Learning To Break Free

  

  2023 was significant in many ways for our family. It started with John and I finally finding a church home in the town we have called home for five years. We had visited several churches in the area. We hadn't felt comfortable until January 2023, when we walked into a place that is now our church.

    My boys asked me to make an effort to share my art and photography in 2023. My heart wasn't really in it, but I did try. That attempt came to a hault when it became evident that John's mom was no longer able to care for herself. Signs of dementia became undeniable. It took time to get her placed in the nursing home she requested. Thankfully, she was accepted where she asked to be with patient caretakers who understood her disease.

    It was a rollercoaster year. 

    Among the highs and lows, I found strength to successfully face something that had haunted me most of my life. Through encouragement and prayer, trying to write my story no longer broke me. Realizing that God really is FOR me - the good, the bad, and the ugly - allowed freedom to accept my past and begin to let go. No longer a temporary fix, but finally fully letting go of the anger, the hurt, the pain, the embarrassment, and the shame of things hidden away under a pretty mask. 
    
    While there is still a long way to go in writing it all out, and some parts may never be shared publically, I will share a little. What you will read and or watch below was just the beginning of a long year of journaling. If the end were today, you would see that learning to break free wasn't easy. It took work, encouragement, prayer, and forgiveness. It took acceptance and faith. It took a Heavenly Father's love. 

    Oh, and that verse about being perfect - the one that heaped shame on my imperfection - has a solution. It's not about us. We can never attain perfection. Jesus Christ lived that perfect life for us. Accepting Him allows His perfection to cover our imperfection. He is the answer to the scripture that tormented me.



 

  Have you ever been at a moment in your life when emotions crowding your heart and mind were powerful enough to create a mental tidal wave? You became so overwhelmed that you were frozen in place while staring at the wave rising toward you. A physical fear of drowning in the wave of those feelings held you in an unyielding grip. You wanted to break free from the paralysis of those emotions and swim away - like an Olympic champion racing from that crushing flood - but you couldn’t move.

There was a time when any negative emotions were bottled up and tucked away. Those feelings built up over years of learning to suppress any unseemly thought, or memory as though it never happened. Meanwhile, I would put on a pretty mask of joy and peace and sweetness – like a perfect bride waiting for her groom.  

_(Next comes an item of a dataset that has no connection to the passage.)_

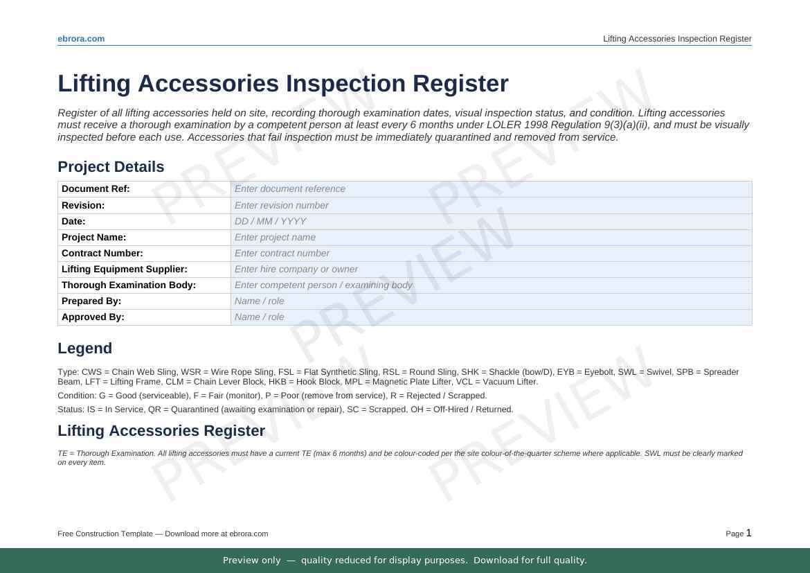 Free Word template: Lifting Accessories Inspection Register. Download for UK construction sites.
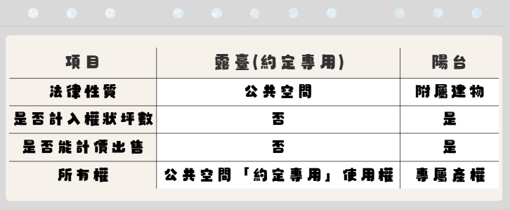 特別是「約定專用露臺」,經常被誤認為是專屬產權,導致違建、產權糾紛甚至影響貸款。

Picture a beautiful bride with her flawless white dress, no hair out of place, while her manicured fingers held tightly to a bouquet of perfect yellow roses. That bride represented the theoretical image I wanted to portray.  What was it that no one saw in this hypothetical bridal image?

The marriage was arranged, and she didn’t really know the groom.  From what she heard; he could be cruel. To make matters worse, yellow roses weren’t her favorite. Plus, the florist put something on those flowers to cause an allergic reaction, make her throat swell, and choke out her voice.

So, the truth was that the perfect b-r-i-d-a-l mask was more of a b-r-i-d-l-e. You know – the thing you put in a horse’s mouth to control him – or her.

For years, in our Southern Pentecostal – Assembly of God - church, we were told to be perfect. The scripture was quoted from KING JAMES - Matthew chapter 5 verse 48 – “Be ye therefore perfect – even as your Father which is in Heaven is perfect.”

But I wasn’t perfect. Far from it. The mask was both a solution and a death sentence. You think that I’m being overly dramatic? I mean, a death sentence, really? Yes. A mental, stifling death sentence and I was on death row for years – wearing my mask on a lonely beach prone to emotional tsunamis - before learning how to break free.